Macdonald also listed Health Minister Bruce Fitch, Finance Minister Ernie Steeves, then-local government minister Daniel Allain, as well as Beaulieu, clerk of the executive council Cheryl Hansen and Higgs’s then deputy chief of staff Paul D’Astous.

Macdonald was a PC MLA from 2010 to 2018, serving with Higgs and Fitch. 

No law against it

There is no law against a former politician lobbying former colleagues on behalf of clients, as long as they observe a 12-month “cooling off” period after leaving office and register publicly. 

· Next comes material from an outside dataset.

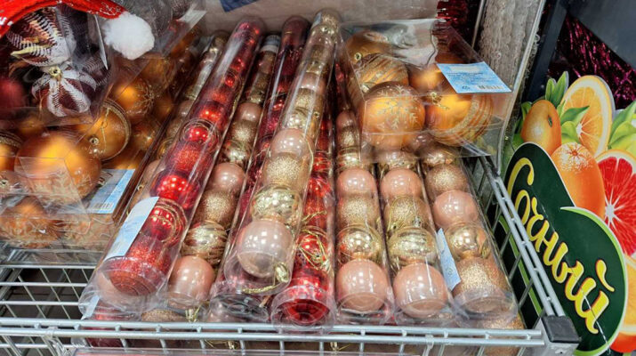 В магазинах райцентра можно отыскать оригинальные игрушки и украшения: милые снеговики, красочная мишура, рождественские венки, носки и новогодние колпаки. Продаются как одиночные экземпляры, так

The website for his lobbying company, Waterloo Strategies, includes a photo of him with Higgs, PC MLA Jeff Carr, former MLA Jody Carr and two other people. 

Macdonald has hosted at least two PC Party fundraising events for Higgs at his Fredericton home and donated a total of $1,680 to the provincial party from 2021 to 2023.

He was nominated as the Conservative Party of Canada candidate for Fredericton earlier this year.

In March, federal Conservative Leader Pierre Poilievre called corporate lobbyists “utterly useless,” but CBC News recently revealed that dozens of federally registered lobbyists attended fundraisers with him.

O’Brien and Durnford did not earn commissions on the value of the contracts signed by Canadian Health Labs.

They also represented the company in Newfoundland and Labrador, where the firm signed several contracts with health authorities.